Board Testing HOWTO
This page gives you hints on how to test the coreboot support for your mainboard and all components present on the board.
We try to maintain one build tutorial / status page for every supported coreboot mainboard. The status table is always implemented using the status template in this wiki. A usage example is available, but you can also look at existing status pages.
For each item in the status table, this page describes how you can test the respective hardware part.
- Test at least one "full-speed" (USB 1.1) device (e.g. USB keyboard) and one "hi-speed" (USB 2.0) device (e.g. DVB-T adapter).
- Test both of the above devices on all available USB connectors. This includes the usual on-board connectors, but there may also be pin headers on the board where you can add further USB connectors.
Legacy / Super I/O
- Try loading the ppdev and parport_pc kernel modules: modprobe ppdev; modprobe parport_pc. Check if there were errors using dmesg.

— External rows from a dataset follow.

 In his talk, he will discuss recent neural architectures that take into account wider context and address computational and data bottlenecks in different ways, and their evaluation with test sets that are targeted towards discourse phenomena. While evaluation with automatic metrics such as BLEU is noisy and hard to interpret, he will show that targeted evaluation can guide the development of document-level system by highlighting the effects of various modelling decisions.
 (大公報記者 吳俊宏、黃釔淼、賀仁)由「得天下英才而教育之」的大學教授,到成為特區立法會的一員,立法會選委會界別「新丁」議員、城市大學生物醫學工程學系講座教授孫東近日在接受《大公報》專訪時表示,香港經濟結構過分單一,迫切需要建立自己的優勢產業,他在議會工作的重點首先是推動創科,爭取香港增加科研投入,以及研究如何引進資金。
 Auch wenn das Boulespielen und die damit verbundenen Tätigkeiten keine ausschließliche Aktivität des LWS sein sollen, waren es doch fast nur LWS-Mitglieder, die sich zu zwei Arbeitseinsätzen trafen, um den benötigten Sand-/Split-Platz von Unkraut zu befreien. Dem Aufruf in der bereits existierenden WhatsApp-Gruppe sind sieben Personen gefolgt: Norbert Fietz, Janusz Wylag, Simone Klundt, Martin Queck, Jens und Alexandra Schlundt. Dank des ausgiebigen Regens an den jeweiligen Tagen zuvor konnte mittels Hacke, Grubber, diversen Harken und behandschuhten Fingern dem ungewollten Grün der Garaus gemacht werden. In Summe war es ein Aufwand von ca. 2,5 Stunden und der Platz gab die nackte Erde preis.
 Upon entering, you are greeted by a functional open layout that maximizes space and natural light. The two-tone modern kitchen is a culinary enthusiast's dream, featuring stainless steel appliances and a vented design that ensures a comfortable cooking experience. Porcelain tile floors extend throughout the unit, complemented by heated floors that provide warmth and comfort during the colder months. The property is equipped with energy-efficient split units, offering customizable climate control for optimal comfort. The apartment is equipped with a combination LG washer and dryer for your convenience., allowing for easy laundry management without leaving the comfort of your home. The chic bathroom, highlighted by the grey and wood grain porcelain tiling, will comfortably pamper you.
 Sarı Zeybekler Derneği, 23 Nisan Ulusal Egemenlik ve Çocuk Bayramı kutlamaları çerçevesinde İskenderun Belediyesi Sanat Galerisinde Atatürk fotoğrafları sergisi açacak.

- Try to actually use a parallel port device (e.g. a printer).
- If there are errors/problems, please post the superiotool -dV output on the mailing list and ask the developers for help.
- Try to create a beep on the PC speaker. There are various ways to do that, e.g. you can use the Debian package beep (apt-get install beep).

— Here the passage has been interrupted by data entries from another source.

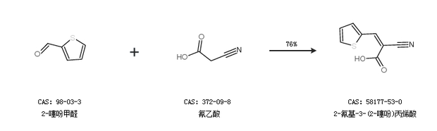 1.通过2-噻吩甲醛和氰乙酸合成2-氰基-3-(2-噻吩)丙烯酸,收率约76%;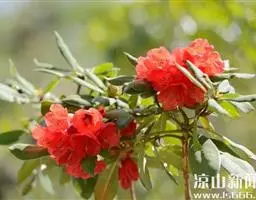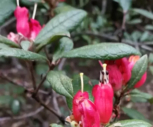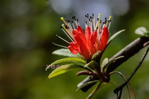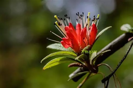 爆杖花(学名:Rhododendron spinuliferum Franch.):灌木,高0.5-3.5米。幼枝被灰色短柔毛,杂生长刚毛,老枝褐红色,近无毛。叶坚纸质,散生,叶片倒卵形、椭圆形、椭圆状披针形或披针形,。花序腋生枝顶成假顶生;花冠筒状,两端略狭缩,长1.5-2.5厘米,朱红色、鲜红色或橙红色,上部5裂,裂片卵形,直立。蒴果长圆形,长1-1.4厘米,被疏茸毛并可见鳞片。花期2-6月。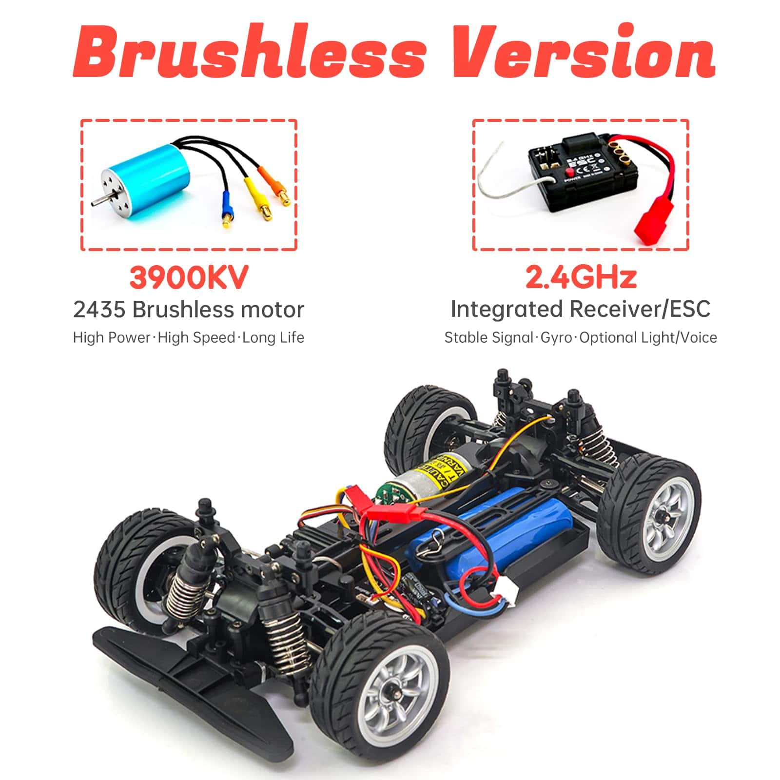 ESC y receptor de 2.4 GHz integrados con Gyro Frecuencia: 2.4 GHz

- If that doesn't work, check that you actually have a speaker correctly attached and also try modprobe pcspkr.
- DO NOT ATTEMPT TO FOLLOW THESE INSTRUCTIONS UNLESS YOU KNOW WHAT YOU ARE DOING! THIS CAN RENDER YOUR MAINBOARD TOTALLY UNUSABLE! YOU HAVE BEEN WARNED!

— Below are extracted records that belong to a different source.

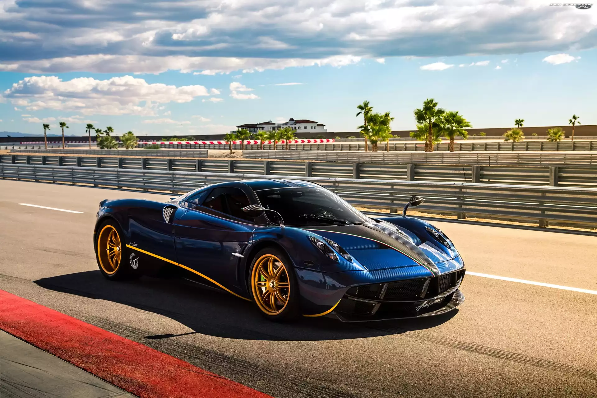 Pagani Huayra, Drzewa, Niebieski, Droga- Zdjęcia samochodów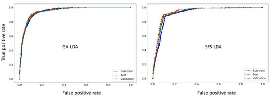 Another way of confirming the classification ability of any LDA model is by means of the receiver operating characteristics (ROC) curve [43]. Figure 2 shows the ROC plots for the GA-LDA and SFS-LDA models. One can see that both these models are not random, but truly statistically significant classifiers, since the area under the ROC curves (ROC AUC scores calculated with Scikit-learn [44]) for all the sets are statistically higher (>0.88) than that of a random classifier model (ROC AUC score = 0.5).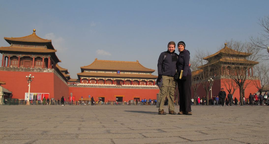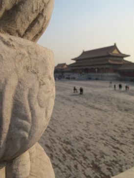 Anyway after we checked in we explored a bit of Beijing, starting off with Tienanmen Square and the Forbidden City. The frozen moat that surrounds and winds through The Forbidden City helped us realise how cold Beijing really is, as if the biting wind wasn’t enough of a reminder. The actual buildings are quite interesting and it’s the complete reverse of most of the stuff we saw in Egypt… it’s much bigger than you expect.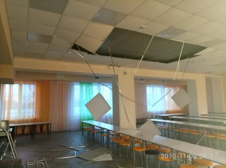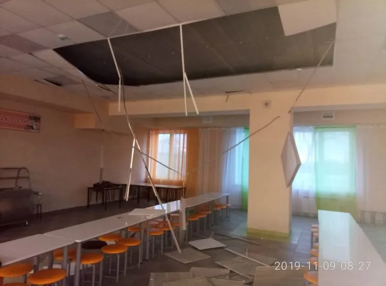 В зауральской школе потолок обвалился через месяц после ее открытия. ФОТО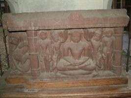 | Description / विवरण | It is a sculpture of Jain. It is shown in padmasana. Two attendant male and female are shown both side. Lion is shown on both side ege. |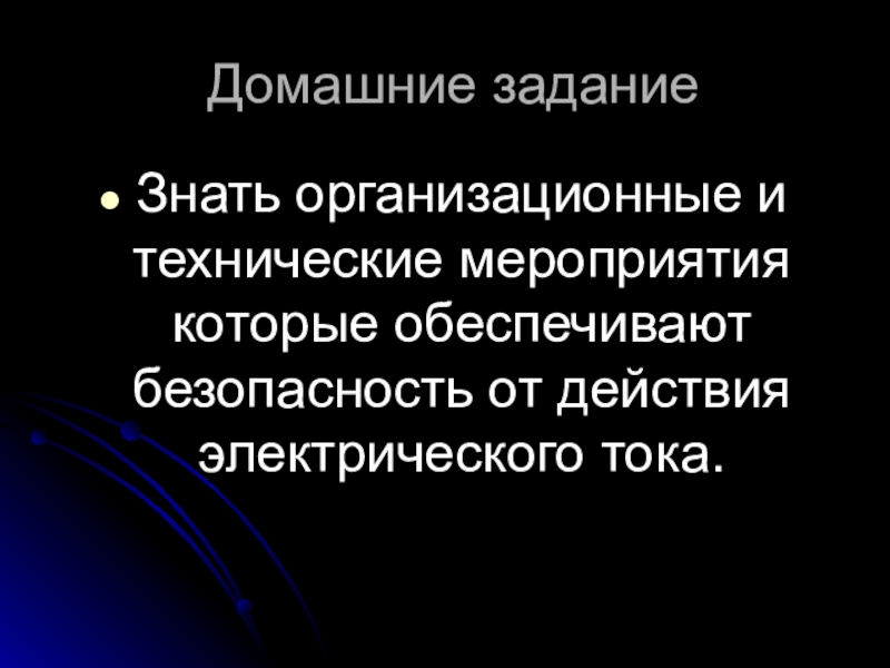 Домашние заданиеЗнать организационные и технические мероприятия которые обеспечивают безопасность от действия электрического тока.

- To check whether flashrom knows about your chipset and ROM chip, run flashrom.
- If it says "Found chipset CHIPSETNAME..." and "CHIPNAME found at..." that's a good first sign.
- To check if you can read the existing BIOS image from the chip, run flashrom -r backup.bin.
- Now the really important part, checking if writing an image on the chip works:
- First make sure you have a backup chip containing the original BIOS. Also, you should have verified that it actually boots your system successfully. Put away that backup chip somewhere safe.
- Try inserting a ROM chip which you can safely overwrite (e.g. an empty one you bought). Then write an image onto the chip, which is different from what's on the chip right now: flashrom -wv new.bin. If this works and flashrom reports "VERIFIED" your board is supported by flashrom.
- If not, you might try to enable the "Enable BIOS Update" or "Write-protect BIOS" or similar options in your BIOS CMOS menu first, or set a jumper on your board (this is highly board-dependent). Also, you might have to use the flashrom --mainboard switch for some boards.
- If none of the above helps (but flashrom still does detect your chipset and ROM chip), there's quite likely a board-specific initialization required in flashrom, which is non-trivial to add (e.g. toggling certain custom GPIO lines etc).
- If you can't risk a write on a given chip and if the chip is SPI, the following guidelines may help:
- Try probing.
- For ICH/VIA SPI, lockdown can mean probe works, but write/erase doesn't. It can also mean that probe does not work, but write/read/erase (or any subset thereof) would work. For all other SPI chipsets, there is no such lockdown, so you can issue any erase/write/read command.
- However, some SPI chips have a WP# pin which causes the block protection bits to become readonly. Now if flashrom had a generic block protection checker, we'd be able to figure out if write/erase is possible. Basically, you can check if you need a board enable by setting all block protection bits, then unsetting them. If either of the operations fail, you need a board enable. If they succeed, erase and write are guaranteed to work.
- Please check/update the list of boards supported by flashrom accordingly (whether it works or does not work on your board).